* ACTIVITY
Below are records; extract exactly the lines from the one containing "Federasi Serikat Guru" through the last, both included, and keep the pictures out.

EXCERPTED RECORDS section start

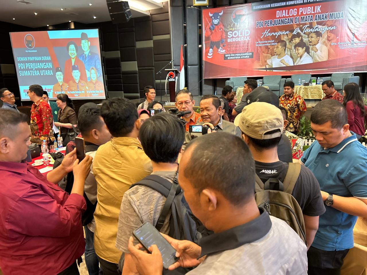 Di hadapan ratusan anak muda di Hotel Le Polonia Medan, Ketua DPD PDIP Sumut Drs Rapidin Simbolon MM lewat dialog Publik bertajuk “PDI Perjuangan di Mata Anak Muda, Harapan dan Tantangan” di Ballroom Hotel Polonia Medan, Selasa (18/11/2025) menegaskan bahwa generasi Z harus dipersiapkan menjadi pemimpin yang lahir dari proses bukan dari pemaksaan atau karbitan politik.
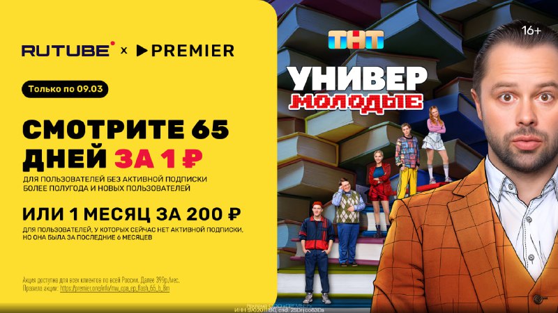 Универ. Молодые (2025) Жанр: комедия RUTUBE х PREMIER — ТОЛЬКО ПО 09.03! Получи 65 дней подписки за 1 ₽ или подписку на 1 месяц за 200₽!https://gtblg.ru/HCV1L?erid=2SDnjco83Ds Код: kinohd65ma
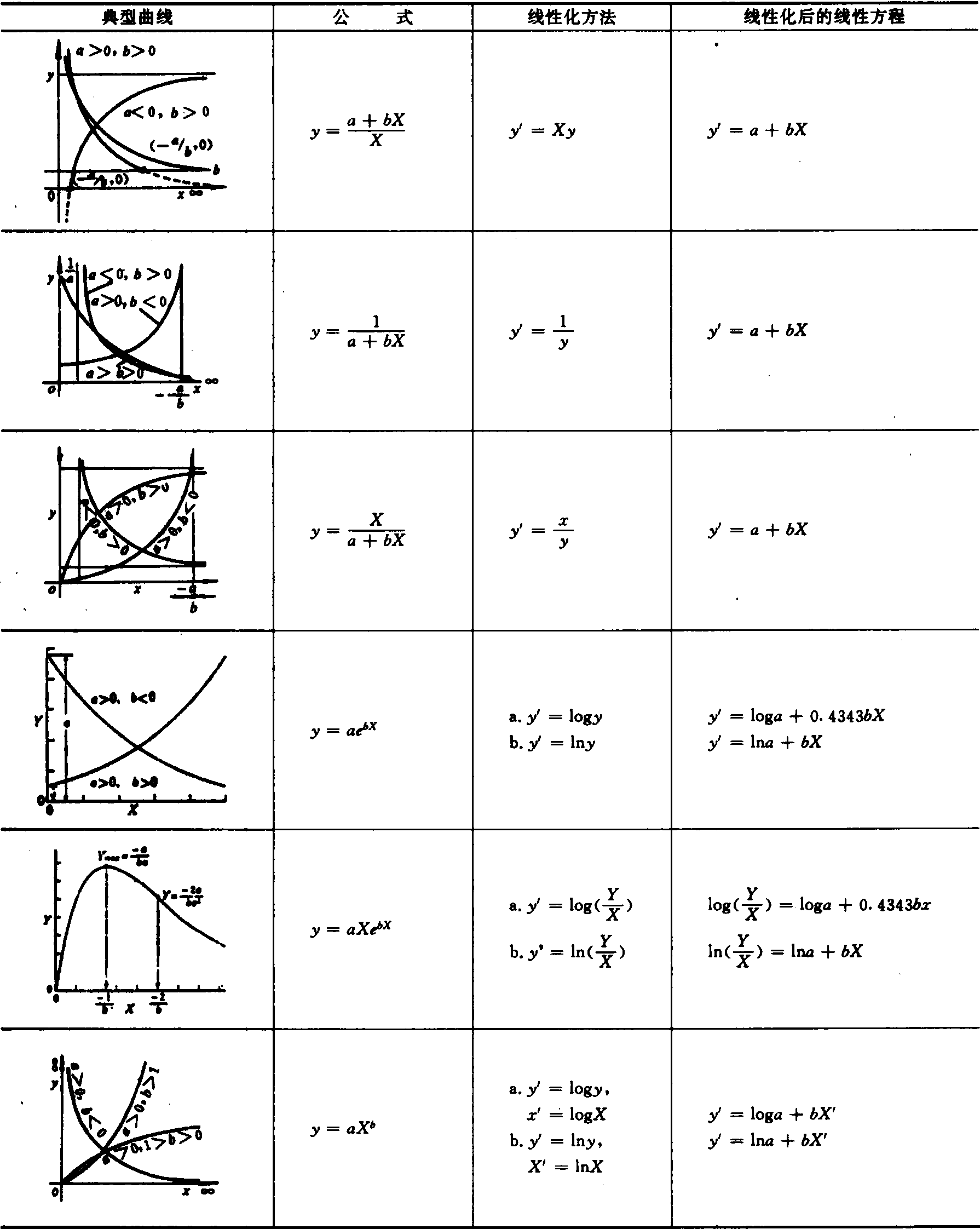 农化试验取得试验数据往往可用不同数学模型拟合,从中选定最适的模型可以缩小模型误差,这就需要从各种曲线回归模式中选择误差最小的一种,同时要注意尽可能在专业知识方面得到合理的解释。 常用曲线回归方程的线性化方法
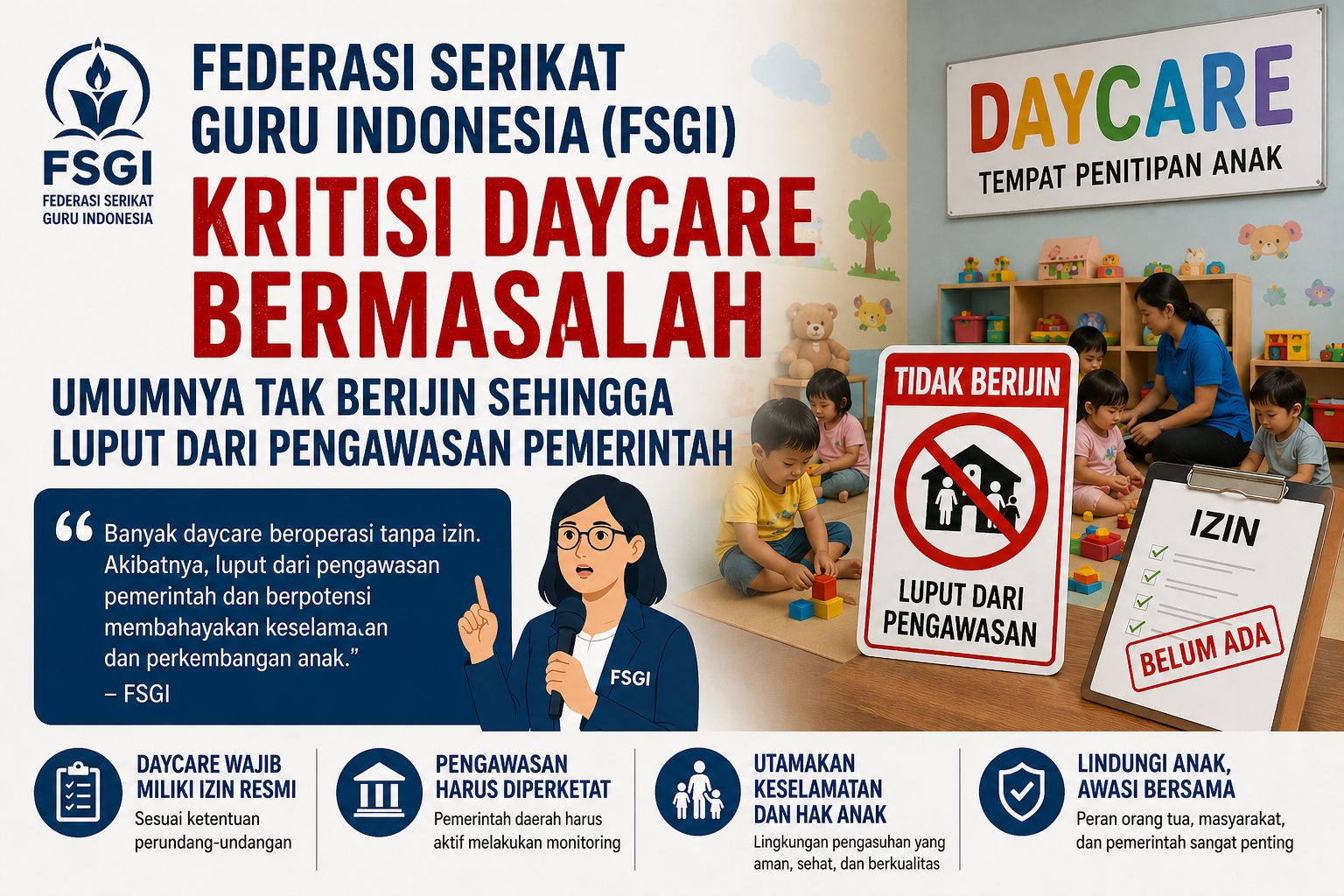 Federasi Serikat Guru Indonesia (FSGI) mengecam keras atas kekerasan dan kekejian terhadap 53 Balita yang dititipkan di daycare Little Aresha Kota Jogjakarta. Kekerasan dilakukan oleh para pengasuh. Pihak kepolisian sudah melakukan penahanan pada 13 terduga pelaku dan proses hukum akan terus berlanjut.
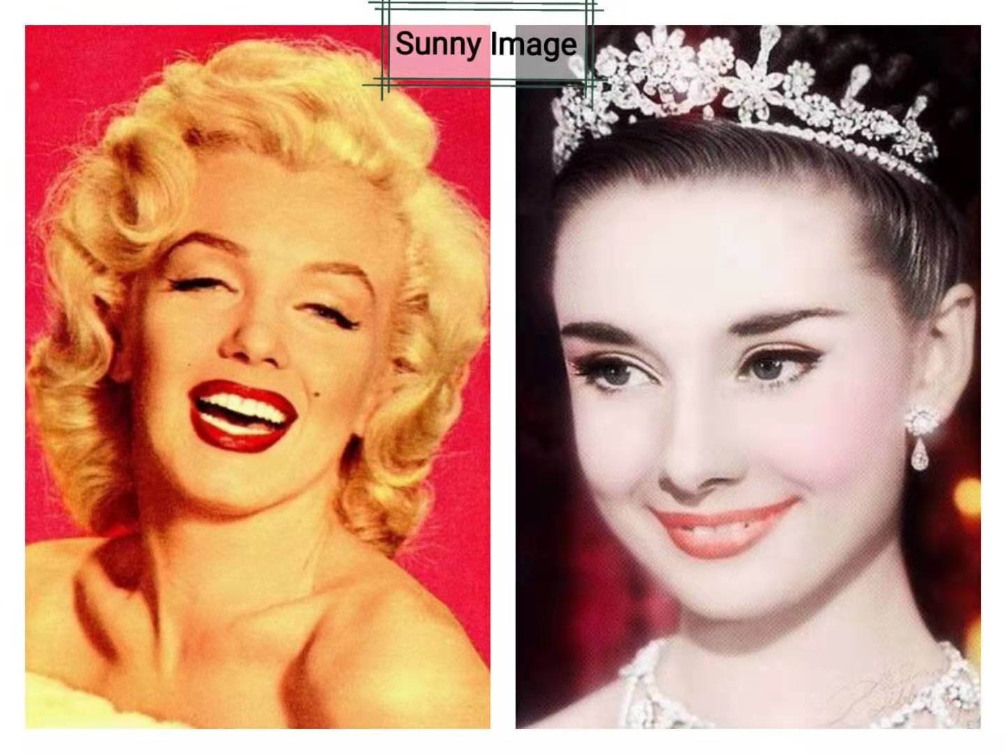 ◎ 赫本与梦露的五官和轮廓风格不同,赫本趋向于直线条较多,目光直接,炯炯有神;梦露则是曲线型五官轮廓和体型。
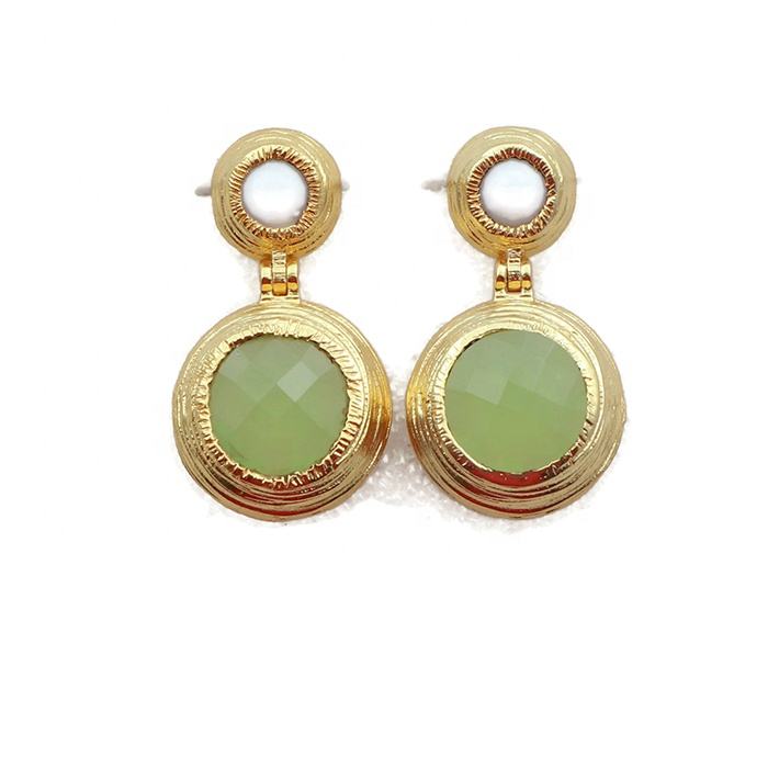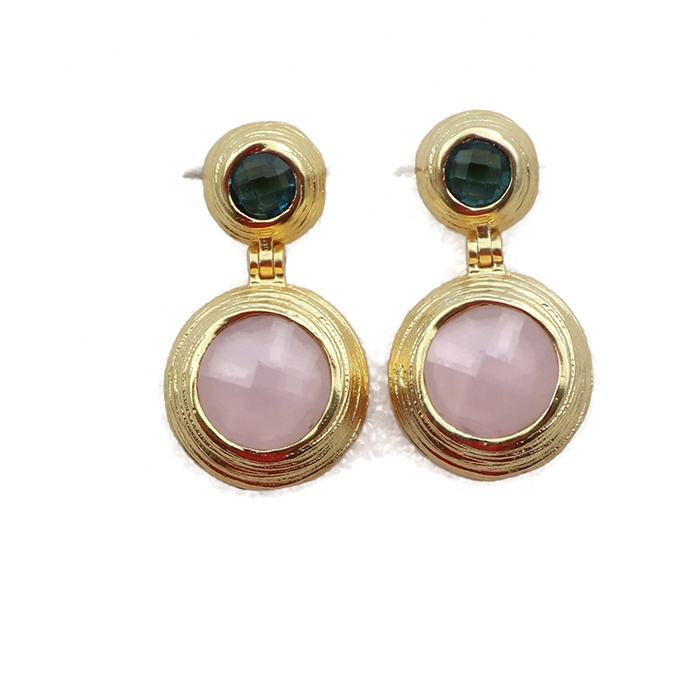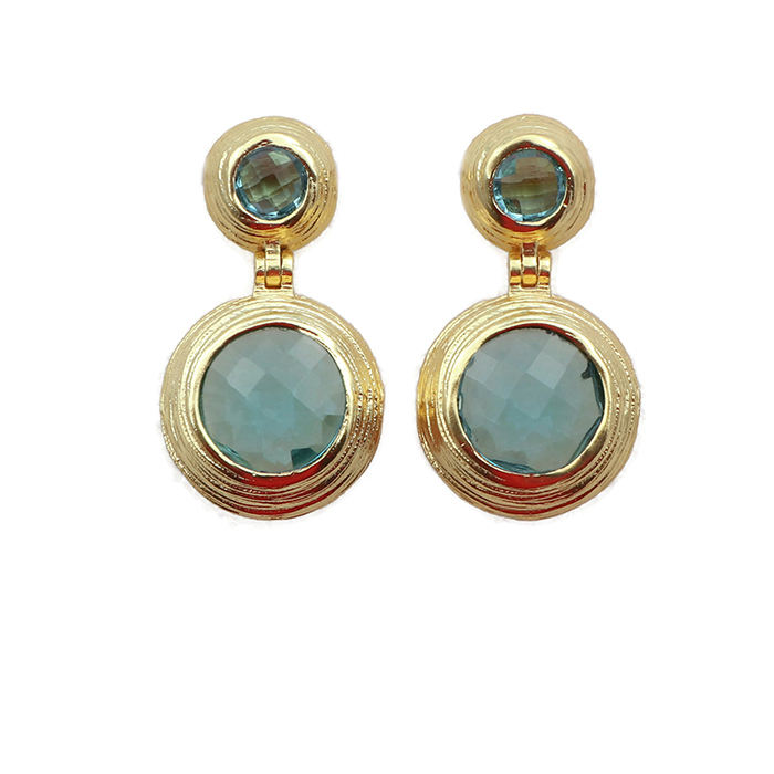 ต่างหูประดับพลอยบุษราคัมสีฟ้าคู่แบบห้อยชุบทองทองเหลืองชุบทองแบบคลาสสิกต่างหูเครื่องประดับวันครบรอบ

EXCERPTED RECORDS section end

* RESULT OF THE TASK
 Federasi Serikat Guru Indonesia (FSGI) mengecam keras atas kekerasan dan kekejian terhadap 53 Balita yang dititipkan di daycare Little Aresha Kota Jogjakarta. Kekerasan dilakukan oleh para pengasuh. Pihak kepolisian sudah melakukan penahanan pada 13 terduga pelaku dan proses hukum akan terus berlanjut.
 ◎ 赫本与梦露的五官和轮廓风格不同,赫本趋向于直线条较多,目光直接,炯炯有神;梦露则是曲线型五官轮廓和体型。
 ต่างหูประดับพลอยบุษราคัมสีฟ้าคู่แบบห้อยชุบทองทองเหลืองชุบทองแบบคลาสสิกต่างหูเครื่องประดับวันครบรอบ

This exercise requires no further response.